US President Joe Biden vowed to make Putin a “pariah on the international stage” and called him a “war criminal”, a designation the US Senate endorsed in a resolution.

Meanwhile, Russia has so far achieved much less in Ukraine than generally anticipated. However, the US and Nato have all along made it clear that they won’t send troops into Ukraine to fight the Russians, or even consider a “no-fly zone” in the country.

A feel-good atmosphere permeates Washington. It is confident that it has benefited from Putin’s ill-conceived actions, and that Russia, now proven to be weak even on the battlefield, will fade into economic and political impotence, that the erstwhile wavering European nations are returning to their place under the US’ wing, and that China is daunted by the severity of the sanctions imposed on Russia. Capital flight to the US is the nice usual windfall, of course.

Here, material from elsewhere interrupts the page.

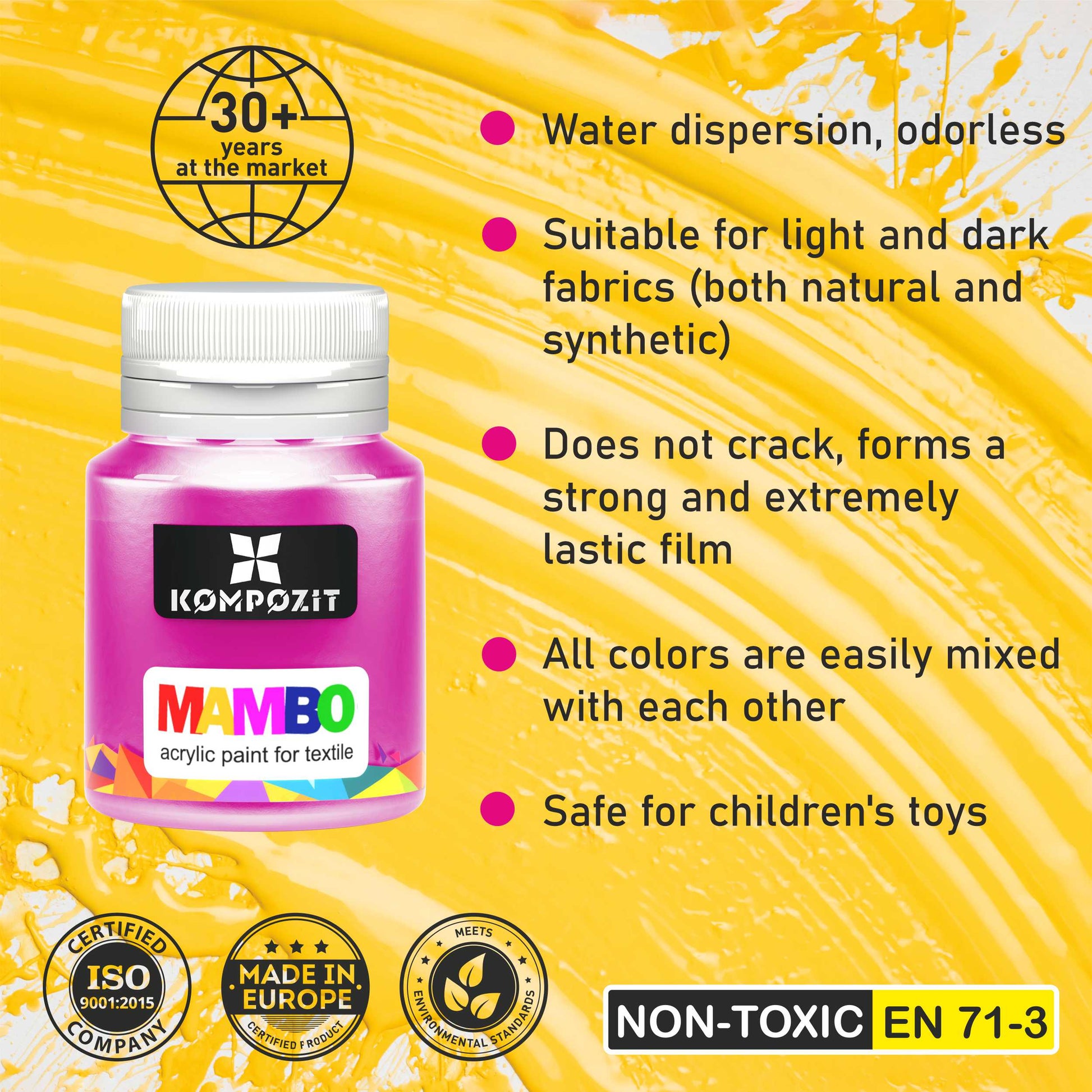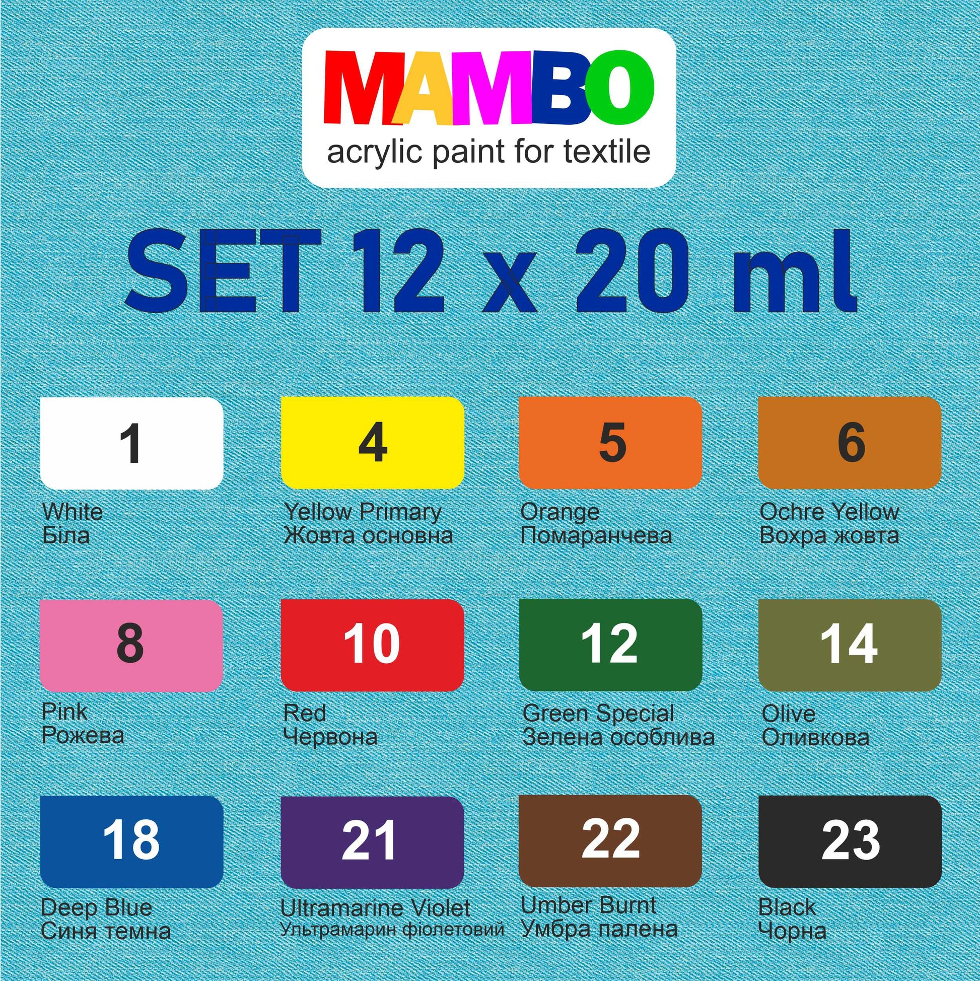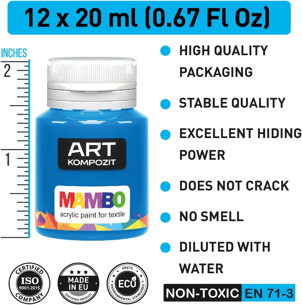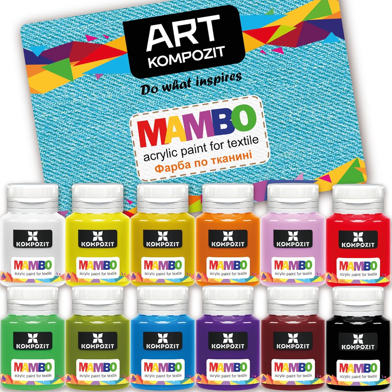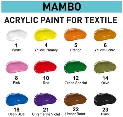 Permanent Acrylic Fabric Paint Set For Clothes 12 x 20 ml (0.67 Fl Oz) Textile, Sneakers. Made in Europe
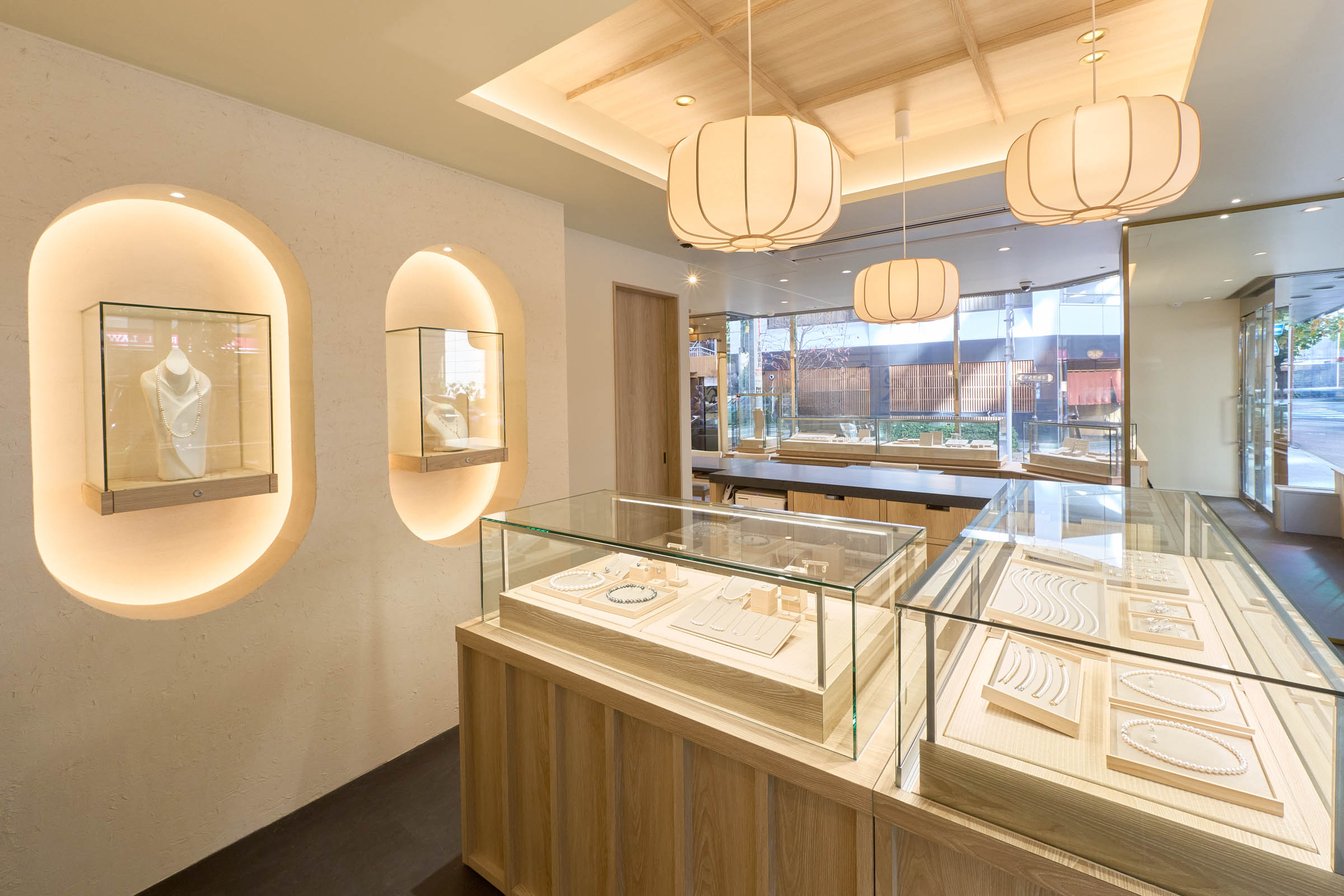 リニューアルした銀座本店では、杉材、和紙、畳といった日本の天然素材を使用して空間を設計。杉材フレームに和紙をあしらった雪洞照明や、畳を敷いた白木のショーケースなど、日本産のアコヤ真珠を引き立てるオリジナルの什器を揃えている。銀座のメイン通りからは少し外れたエリアに位置するが、「以前は少なかったものの、現在はこの店のある通りにもインバウンドの方々が多く通るようになりました」とWSPの藪野真紀子代表取締役社長。海外でも高いクオリティのパールとして「アコヤ」ブランドは知られており、日本土産を求めて訪れるインバウンド客も多いことから、外観は外からでもわかりやすいガラス張りで仕上げた。

Only a handful of American observers, such as John Mearsheimer and, to a lesser extent, Niall Ferguson, have aired their concerns about the negative implications of Washington’s adamant stance.

Mearsheimer’s criticism of Nato’s eastward expansion, which he maintains served to unnecessarily alienate Russia when America needs to focus on China as its chief rival, prompted students at the University of Chicago where he is a tenured professor to call for him to disclose the Russian sources of his funding and for the university community to state that it does not condone “anti-Ukrainian ideology”.

Ferguson expressed unease at the unrealistic optimism of many commentators, as well as the Biden administration, about Ukraine’s capacity to fight indefinitely.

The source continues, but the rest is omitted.